# [Data extract]
------
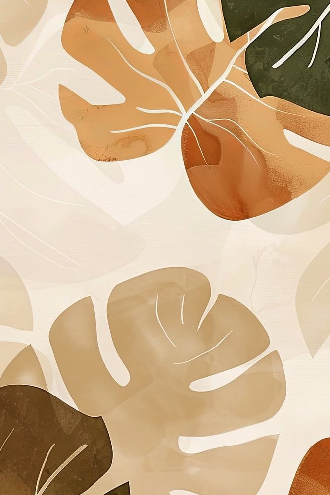 Deze elegante illustratie toont monsterabladeren in warme aardse kleuren die perfect op elkaar zijn afgestemd. Het harmonieuze kleurenpalet van groen, bruin en beige brengt een rustige en stijlvolle sfeer in elke kamer. Deze moderne botanische kunst is ideaal voor de woonkamer, slaapkamer of kantoor en voegt een natuurlijk en eigentijds tintje toe aan je huis. De abstracte voorstelling en zachte kleuren maken dit schilderij een prachtige toevoeging aan elk interieur.
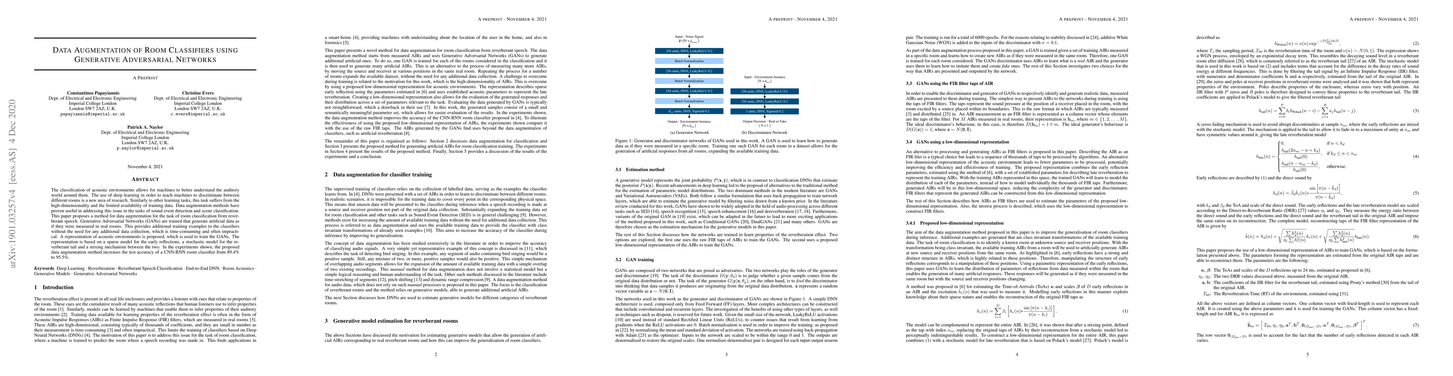 This paper proposes a data augmentation method using Generative Adversarial Networks (GANs) to enhance room classification from reverberant speech. The GANs generate artificial data, improving CNN-RNN classifier accuracy from 89.4% to 95.5% without additional data collection.
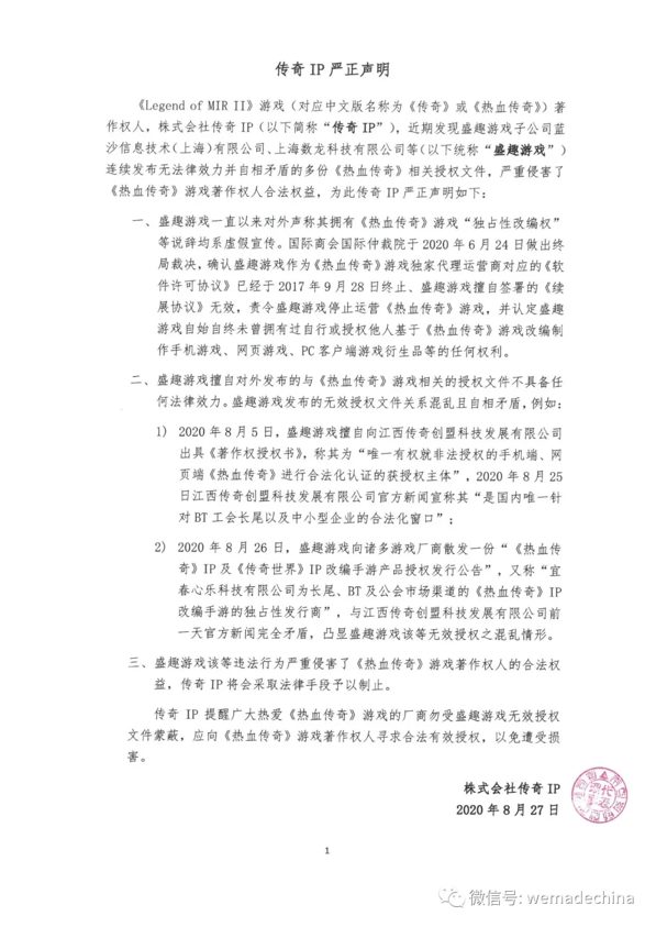 近日,娱美德有限公司(以下简称“娱美德”)官方微信公众号发布《传奇IP严正声明》(以下简称“传奇IP声明”)表示,盛趣游戏一直以来对外声称其拥有《热血传奇》(又称传奇,英文名LegendofMir2)游戏“独占性改编权”等说辞均系虚假宣传;盛趣游戏擅自对外发布的与《热血传奇》游戏相关的授权文件不具备任何法律效力。
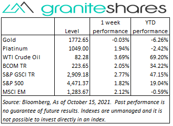 • The Bloomberg Commodity Index gained 2.1%, benefiting from rising base metal and energy prices. The grains and livestock sectors detracted from the Index’s gains.
------
# [About this task]
Retype all of the material above exactly; the pictures stay out.

# [Solved exercise]
 Deze elegante illustratie toont monsterabladeren in warme aardse kleuren die perfect op elkaar zijn afgestemd. Het harmonieuze kleurenpalet van groen, bruin en beige brengt een rustige en stijlvolle sfeer in elke kamer. Deze moderne botanische kunst is ideaal voor de woonkamer, slaapkamer of kantoor en voegt een natuurlijk en eigentijds tintje toe aan je huis. De abstracte voorstelling en zachte kleuren maken dit schilderij een prachtige toevoeging aan elk interieur.
 This paper proposes a data augmentation method using Generative Adversarial Networks (GANs) to enhance room classification from reverberant speech. The GANs generate artificial data, improving CNN-RNN classifier accuracy from 89.4% to 95.5% without additional data collection.
 近日,娱美德有限公司(以下简称“娱美德”)官方微信公众号发布《传奇IP严正声明》(以下简称“传奇IP声明”)表示,盛趣游戏一直以来对外声称其拥有《热血传奇》(又称传奇,英文名LegendofMir2)游戏“独占性改编权”等说辞均系虚假宣传;盛趣游戏擅自对外发布的与《热血传奇》游戏相关的授权文件不具备任何法律效力。
 • The Bloomberg Commodity Index gained 2.1%, benefiting from rising base metal and energy prices. The grains and livestock sectors detracted from the Index’s gains.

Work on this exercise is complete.